# TRS-32 with a 420cc Raptor / Honda clone engine swap



## non applicable (Aug 6, 2013)

Hello snowblower forum.

I have the opportunity to pickup a TRS-32 that is in great condition. I know that the TRS were made by Ariens for JD, and that they are notorious for poor construction. With that in mind I have a few questions that I'm hoping someone can give me their opinions on.

How difficult would it be to swap the stock JD engine for a Honda clone like the Raptor 420cc at Harbor Freight? I could pick a new one up for $250 right now. 

What size diameter is the shaft on the stock JD engine. Would the Honda-clone engine bolt up pretty easily as a replacement?

What problems exactly did the JD have?. I don't know a lot about the drive on a snowblower, if it isn't too complicated I wouldn't be worried about it.

Thanks for any and all input!


----------



## sscotsman (Dec 8, 2010)

Greetings Non,
welcome to the forum!
you have one thing wrong in your description, this is the correct version:

"I have the opportunity to pickup a TRS-32 that is in great condition. I know that the TRS were made by Murray for JD, and that they are notorious for poor construction. With that in mind I have a few questions that I'm hoping someone can give me their opinions on."

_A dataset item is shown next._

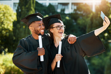 Selfie, university and friends with graduation students posing for a photograph on campus with certificate or diploma. Education, graduate and scholarship with a man and woman friend taking a picture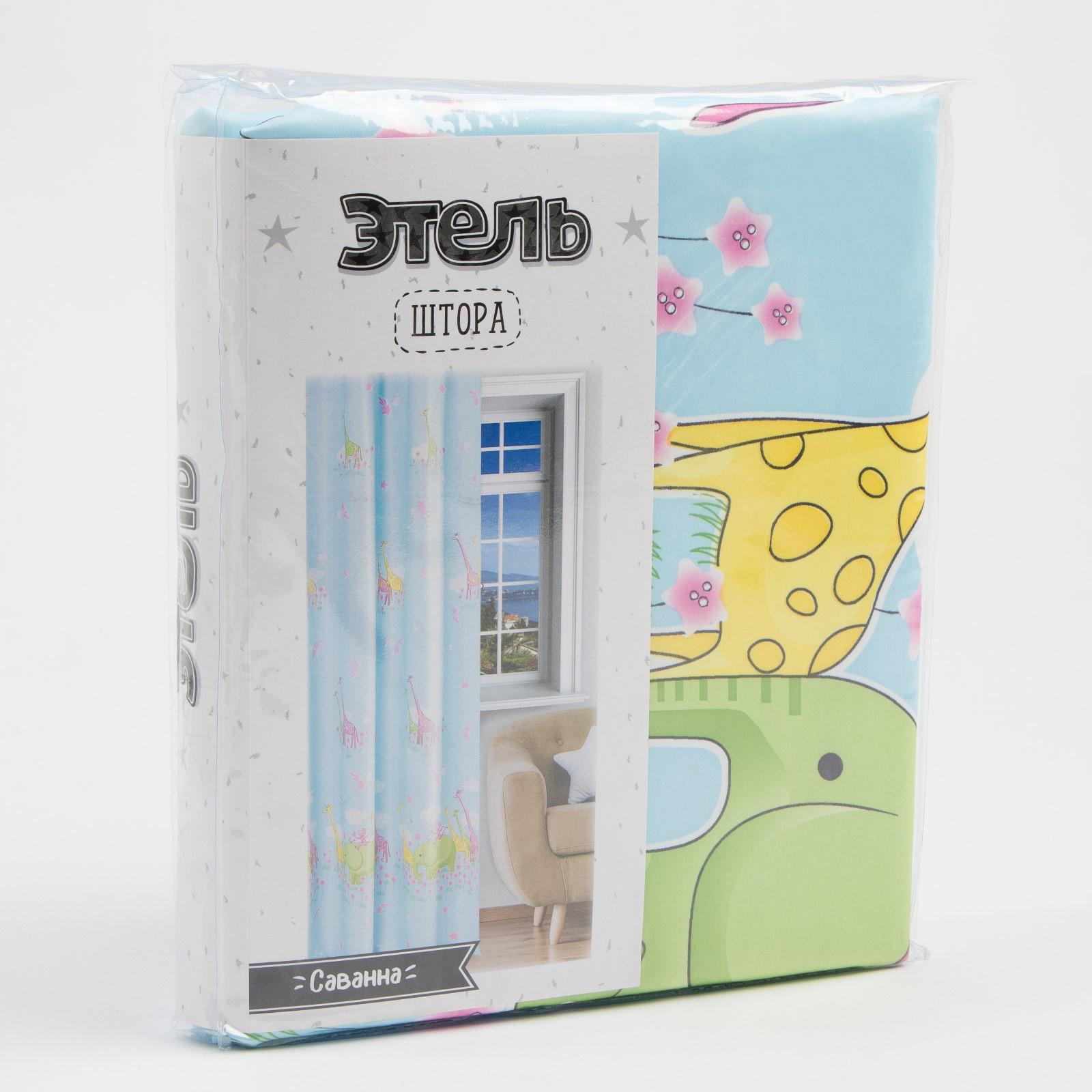 Портьера Этель «Саванна» без держателя, цвет голубой, 170х260 см, блэкаут, 100% полиэстер

The Ariens-built Deeres are the good ones..
I dont know about the drive shafts..someone else can probably help you with that..but I do have more info about the TRS models here:

http://1stclass.mylargescale.com/scottychaos/Ariens/Page11.html#question3

(scroll down a bit past the Cub Cadet into to reach the John Deere section.)


Scot


----------



## Pauleastend63 (Nov 23, 2020)

sscotsman said:


> Greetings Non,
> welcome to the forum!
> you have one thing wrong in your description, this is the correct version:
> 
> ...


I agree with sscotsman.......I have both JD 828D, (Ariens built).....and recently purchased a TRS 27 (Murray built).....my 828D is built like a brick shithouse in comparison to the TRS 27......they are not even in the same league. Tip: make sure to check the bushings right at the friction wheel.......no longer circular.....oblong is the word. Can't order new ones so for now I pressed them out and spun them around, much much less play till I find some type of close replacement. Attached see the assembly where the bushings see the most pressure, and also the second link where I think I can find the replacement bushings. (Bushing # 5 in first link, bushing # 12 are still like new).

https://partscatalog.deere.com/jdrc/sidebyside/equipment/80935/referrer/navigation/pgId/17446175

Sleeve Bearings On Isostatic Industries Inc.


----------